The perfect day
Saturday was Armistice Day here in France. All over the region, ceremonies were held to remember the war dead. In Aniane, people were to assemble in front of the Mairie at 11am, and loud, stirring parade music started blasting out from the Mairie speakers at 10.45. I grabbed my camera and we tried to blend in with the locals although I don't think anyone was fooled. There was one military-looking person, beautifully uniformed in beige, two dress-uniformed gendarmes and a full complement of Sapiers-Pompiers (firefighters) including several women.
Lots of village folk joined as well as we processed behind two standards, out to the War Memorial on the outskirts of town (all of 5 minutes slow march).
Wreaths were laid at the memorial, two delightfully short and to the point speeches were given and then we jumped into the car and headed for Nimes (that's the three of us, not the whole parade!).
Nimes is an ancient city.
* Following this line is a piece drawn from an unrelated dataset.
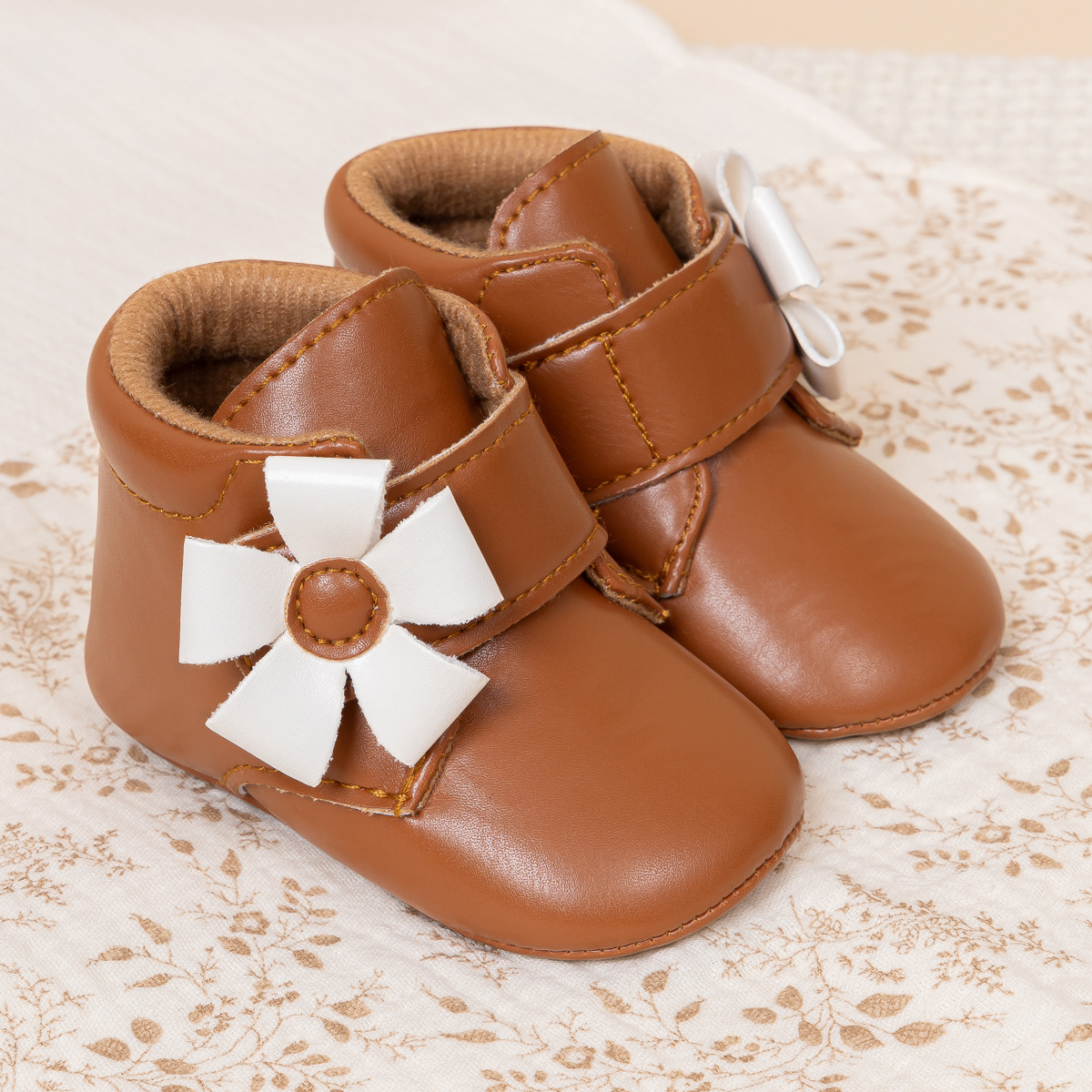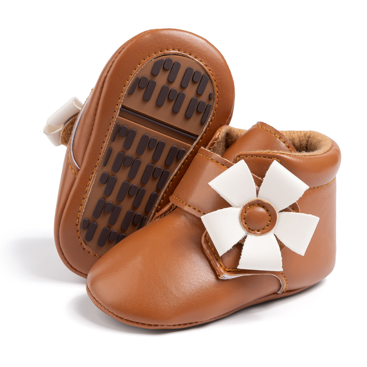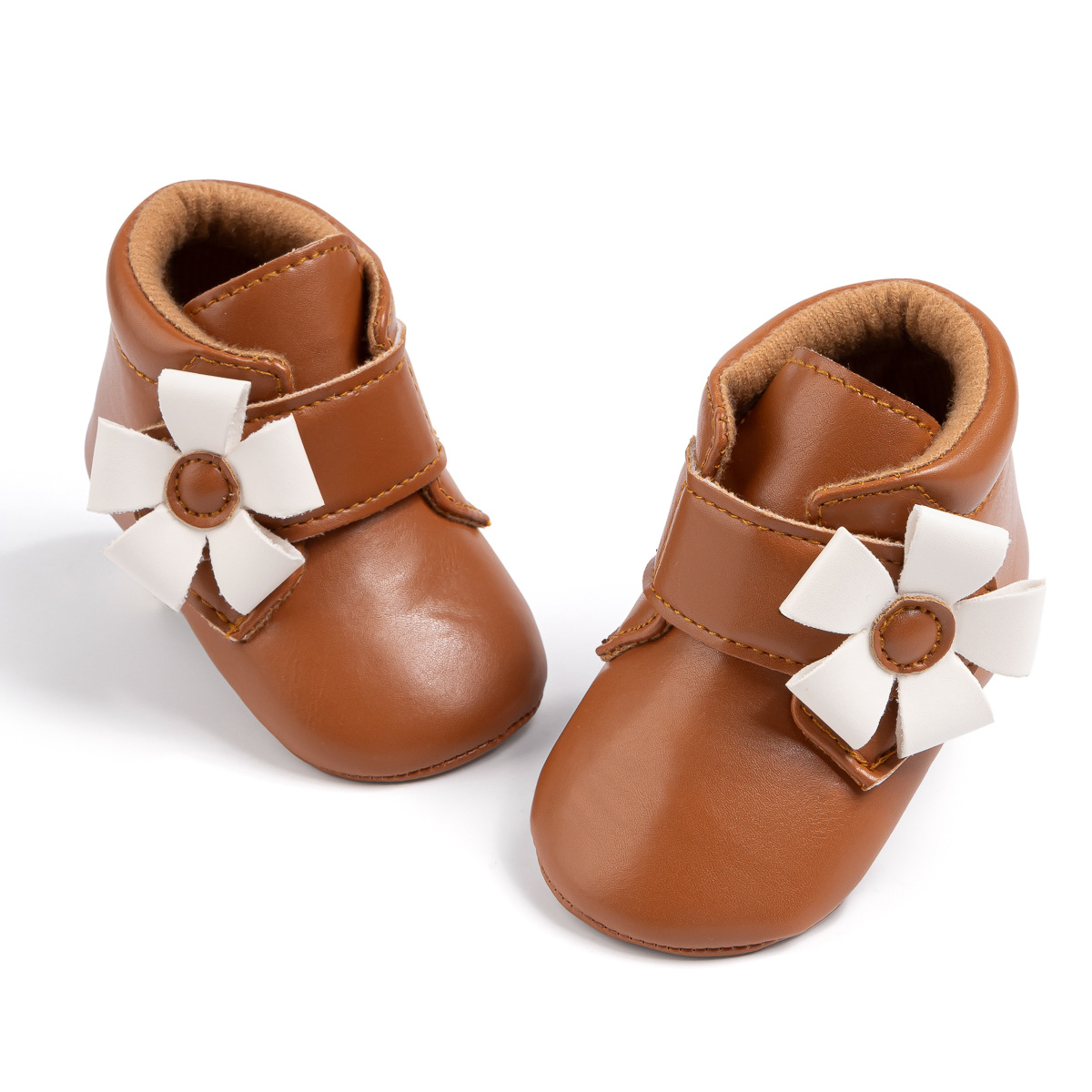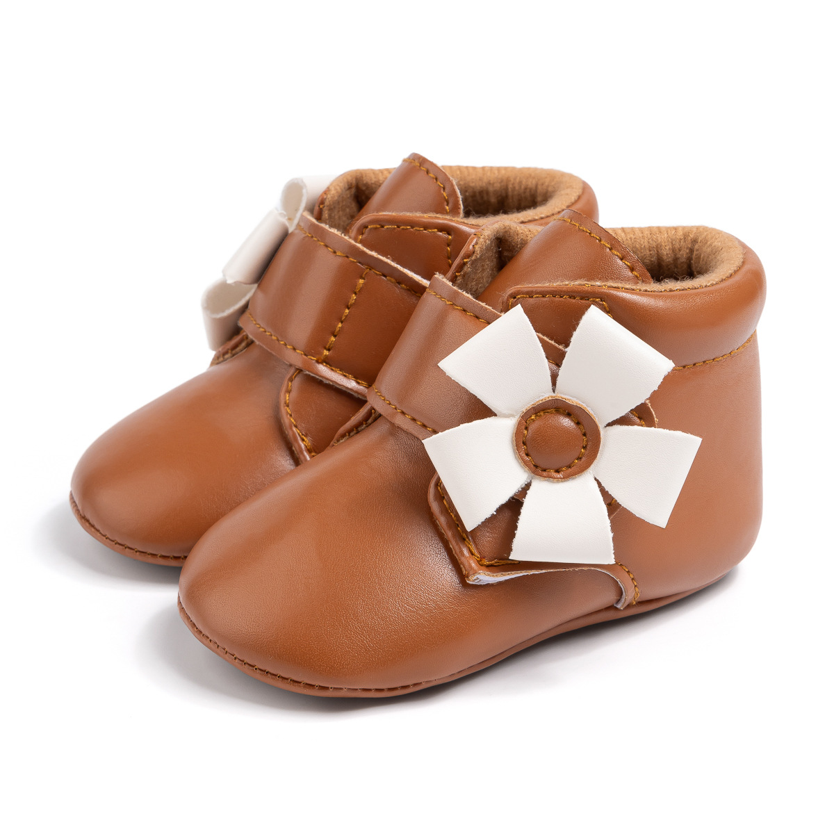 2025 Cross-Border Autumn And Winter New Baby Shoes Warm Leather Boots Flower Velcro Non-Slip Baby Shoes

In the middle of town is a 2,000 year old Roman arena, one of the largest and best-preserved still in existence. And even better - it's STILL IN USE!!! Bullfights (yes, I know) and bull-running are held there on a regular basis.
Bullfighting, the corrida, is the spectacularly gruesome pageant that we all know with the matador and the cape. Bull-running, or Course Camarguaise, looks like more fun, for the bull, at least. It involves white clothed young men testing their skill by attempting to remove a garland from between the bull's horns, while the bull tries to toss them out of the ring. The bull is not killed in Course Camarguaise. I've never seen it but they showed movies of it, and it looked pretty wild.
It cost 21 euros for the three of us to enter the stadium and take the self-guide audio tour, but it was money well spent. We spent the afternoon exploring and listening to the vivid descriptions of the Roman tournaments that were held there.
It was dusk by the time we tore ourselves away and Nimes was starting to liven up. Two beautifully decorated and lit-up carousels were open for business at opposite ends of the plaza and cafes were bustling. Em stopped for a ride on one of the carousels (note there are TWO storeys!).
On the way back to the car we found a Chinese restaurant that looked quite good. We picked up some takeaways - the first Chinese food I had had since San Diego. What a treat!
The sun was setting as we left Nimes and we drove back under skies the colour of ripe persimmons (nacho cheese orange, said Em). The sunset lasted so long and got so red that I thought we were being invaded by Martians but eventually it got dark, and then it was time for the All Blacks vs France game in Lyon, thoughtfully broadcast to the nation by one of the public television stations, France 2. What a great end to a perfect day.